The Virginia Parole Board would not comment on individual cases, but the head of the board, Tonya Chapman, sent the following statement to ABC 13 News last December:

“The Virginia Parole Board’s monthly decisions are published on the Parole Board’s public website in accordance with Virginia Code 53.1-136 (6). As noted on the website, the Parole Board does not provide information as to individual parole decisions in response to questions submitted through the online contact form.

“As such, the Parole Board will not provide further comment to media requests for details on individual cases.

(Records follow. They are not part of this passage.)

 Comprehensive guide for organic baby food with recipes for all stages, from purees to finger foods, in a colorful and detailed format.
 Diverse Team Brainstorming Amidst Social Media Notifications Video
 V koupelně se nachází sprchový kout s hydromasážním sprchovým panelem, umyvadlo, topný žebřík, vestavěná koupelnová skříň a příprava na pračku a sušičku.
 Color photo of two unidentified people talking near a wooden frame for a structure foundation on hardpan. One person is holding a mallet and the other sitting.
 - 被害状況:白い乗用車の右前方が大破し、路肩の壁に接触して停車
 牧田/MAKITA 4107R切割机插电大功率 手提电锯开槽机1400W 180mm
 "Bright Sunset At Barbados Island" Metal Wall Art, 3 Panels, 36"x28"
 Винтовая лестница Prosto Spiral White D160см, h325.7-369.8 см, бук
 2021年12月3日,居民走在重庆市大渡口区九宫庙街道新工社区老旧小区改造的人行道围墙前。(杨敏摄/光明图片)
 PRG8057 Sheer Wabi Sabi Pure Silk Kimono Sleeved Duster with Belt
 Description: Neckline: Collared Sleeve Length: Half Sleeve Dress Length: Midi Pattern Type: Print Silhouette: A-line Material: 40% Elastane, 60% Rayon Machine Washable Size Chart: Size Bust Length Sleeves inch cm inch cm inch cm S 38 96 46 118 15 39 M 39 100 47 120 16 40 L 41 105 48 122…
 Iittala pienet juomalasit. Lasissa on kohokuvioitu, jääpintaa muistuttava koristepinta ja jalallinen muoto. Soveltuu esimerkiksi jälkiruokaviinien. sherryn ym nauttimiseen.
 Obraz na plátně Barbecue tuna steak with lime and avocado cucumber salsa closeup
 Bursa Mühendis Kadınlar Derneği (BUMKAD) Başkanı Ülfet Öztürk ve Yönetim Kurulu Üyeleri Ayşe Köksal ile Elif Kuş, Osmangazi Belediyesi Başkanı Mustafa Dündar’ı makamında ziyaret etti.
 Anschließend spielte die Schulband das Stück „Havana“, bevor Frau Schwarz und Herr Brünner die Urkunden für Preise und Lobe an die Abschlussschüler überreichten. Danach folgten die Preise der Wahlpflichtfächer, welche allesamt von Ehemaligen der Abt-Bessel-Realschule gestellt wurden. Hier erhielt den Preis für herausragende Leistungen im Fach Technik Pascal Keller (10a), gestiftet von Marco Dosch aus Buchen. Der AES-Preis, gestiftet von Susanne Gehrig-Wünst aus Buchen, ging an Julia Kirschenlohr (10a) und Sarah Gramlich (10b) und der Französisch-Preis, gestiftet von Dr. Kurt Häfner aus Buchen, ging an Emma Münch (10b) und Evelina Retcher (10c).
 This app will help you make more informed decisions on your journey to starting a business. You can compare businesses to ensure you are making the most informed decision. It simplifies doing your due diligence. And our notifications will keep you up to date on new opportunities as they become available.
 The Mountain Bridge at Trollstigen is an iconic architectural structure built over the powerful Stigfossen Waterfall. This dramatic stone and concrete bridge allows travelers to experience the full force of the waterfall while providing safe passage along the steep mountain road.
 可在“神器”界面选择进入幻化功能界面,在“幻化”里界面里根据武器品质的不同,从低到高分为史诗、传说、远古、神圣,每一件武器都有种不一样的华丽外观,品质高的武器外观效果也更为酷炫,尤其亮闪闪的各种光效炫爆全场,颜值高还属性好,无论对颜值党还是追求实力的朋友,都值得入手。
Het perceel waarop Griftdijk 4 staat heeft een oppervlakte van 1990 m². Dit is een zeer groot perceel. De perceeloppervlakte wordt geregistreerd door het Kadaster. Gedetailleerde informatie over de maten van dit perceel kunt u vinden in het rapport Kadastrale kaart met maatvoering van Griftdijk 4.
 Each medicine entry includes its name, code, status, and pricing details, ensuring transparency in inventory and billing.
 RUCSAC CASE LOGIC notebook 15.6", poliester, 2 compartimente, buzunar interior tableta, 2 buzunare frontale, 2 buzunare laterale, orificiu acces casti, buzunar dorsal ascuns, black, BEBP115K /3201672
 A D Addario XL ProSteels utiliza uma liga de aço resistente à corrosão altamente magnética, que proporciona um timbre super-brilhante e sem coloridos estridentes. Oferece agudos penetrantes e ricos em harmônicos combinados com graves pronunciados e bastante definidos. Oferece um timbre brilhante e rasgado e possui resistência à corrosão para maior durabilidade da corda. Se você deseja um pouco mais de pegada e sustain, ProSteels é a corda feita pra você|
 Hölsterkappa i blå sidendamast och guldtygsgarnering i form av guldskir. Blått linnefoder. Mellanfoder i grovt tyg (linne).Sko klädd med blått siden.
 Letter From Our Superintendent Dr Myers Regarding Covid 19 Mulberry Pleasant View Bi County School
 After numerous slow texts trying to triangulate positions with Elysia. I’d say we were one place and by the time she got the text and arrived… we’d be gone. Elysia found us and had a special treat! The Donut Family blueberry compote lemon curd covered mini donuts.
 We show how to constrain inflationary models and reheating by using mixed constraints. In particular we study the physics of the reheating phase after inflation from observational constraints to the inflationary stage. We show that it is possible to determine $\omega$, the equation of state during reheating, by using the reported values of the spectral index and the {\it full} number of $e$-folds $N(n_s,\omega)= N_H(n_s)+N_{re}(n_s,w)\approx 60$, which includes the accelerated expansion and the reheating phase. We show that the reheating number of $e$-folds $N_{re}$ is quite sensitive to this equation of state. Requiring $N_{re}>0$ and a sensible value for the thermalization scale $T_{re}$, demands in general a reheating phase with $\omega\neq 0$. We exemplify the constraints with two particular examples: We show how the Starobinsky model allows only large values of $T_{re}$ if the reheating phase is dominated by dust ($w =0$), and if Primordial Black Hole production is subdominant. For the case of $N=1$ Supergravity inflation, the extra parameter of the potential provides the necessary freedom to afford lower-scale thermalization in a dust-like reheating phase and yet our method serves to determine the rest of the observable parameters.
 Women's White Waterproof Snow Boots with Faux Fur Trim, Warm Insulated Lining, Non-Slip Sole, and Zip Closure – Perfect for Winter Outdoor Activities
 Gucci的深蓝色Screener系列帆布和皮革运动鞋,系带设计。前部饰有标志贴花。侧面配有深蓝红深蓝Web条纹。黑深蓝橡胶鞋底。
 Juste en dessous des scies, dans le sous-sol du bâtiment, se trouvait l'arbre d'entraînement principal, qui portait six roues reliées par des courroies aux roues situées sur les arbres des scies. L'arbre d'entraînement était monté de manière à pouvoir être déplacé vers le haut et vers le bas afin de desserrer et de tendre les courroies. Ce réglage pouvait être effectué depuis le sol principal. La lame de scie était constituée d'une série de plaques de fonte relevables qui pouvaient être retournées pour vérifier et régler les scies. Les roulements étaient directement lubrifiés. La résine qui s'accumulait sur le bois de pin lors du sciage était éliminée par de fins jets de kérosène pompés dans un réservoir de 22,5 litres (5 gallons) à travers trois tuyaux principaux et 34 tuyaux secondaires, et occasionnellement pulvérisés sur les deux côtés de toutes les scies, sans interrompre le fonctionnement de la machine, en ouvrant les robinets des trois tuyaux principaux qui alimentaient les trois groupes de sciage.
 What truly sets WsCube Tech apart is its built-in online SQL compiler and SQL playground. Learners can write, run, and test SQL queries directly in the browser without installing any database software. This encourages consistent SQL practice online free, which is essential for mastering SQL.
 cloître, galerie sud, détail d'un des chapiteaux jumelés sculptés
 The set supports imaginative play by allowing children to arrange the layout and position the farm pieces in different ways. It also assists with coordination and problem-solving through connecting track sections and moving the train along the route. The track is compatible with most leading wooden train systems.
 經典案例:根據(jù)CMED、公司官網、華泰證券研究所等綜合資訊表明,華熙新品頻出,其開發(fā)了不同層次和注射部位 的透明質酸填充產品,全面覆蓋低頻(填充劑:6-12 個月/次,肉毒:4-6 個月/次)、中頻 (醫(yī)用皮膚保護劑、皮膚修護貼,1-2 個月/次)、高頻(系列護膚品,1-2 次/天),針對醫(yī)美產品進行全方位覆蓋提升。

“Since parole was abolished about 25 years ago, the remaining offenders that are eligible for discretionary parole are generally convicted of serious offenses. These are very difficult cases and the Parole Board does not take lightly the responsibility to ensure that each release is compatible with public safety.

“Each Parole Board member has an independent vote with unique reasoning as to why they vote to grant or not grant a case. The Board takes many factors into consideration when voting a case.

“These factors include, but are not limited to: criminal history, victim input, age at time of offense, institutional adjustment, medical/mental health, pre-sentence report and sentencing information, time served, home plan, offender support, offender opposition, and risk assessment.

“Every case is unique with its own individual set of circumstances and each case must be viewed comprehensively.”

Darrel Gallier, Jamison’s brother-in-law, told WDBJ7:

“How did the parole board come up with the decision that this rapist and murderer has been rehabilitated?

“When you have an individual that lures a 15-year-old girl from her home in the middle of the night, rapes her, strangles the life out of her, and buries her in a shallow grave in the woods beside her home and when he was caught was found with different girls’ panties between the mattress in his bedroom, he is a danger to the young girls and should never get the chance to do this again to another young lady.

“He is a predator and I do not see any rehabilitation for that kind of behavior.

“I have a close relative that is in prison right now on marijuana charges and has already served 4 years out of 6 years and there is no talk about giving him early parole, but we can let murderers back out on the street. This is just nonsense.”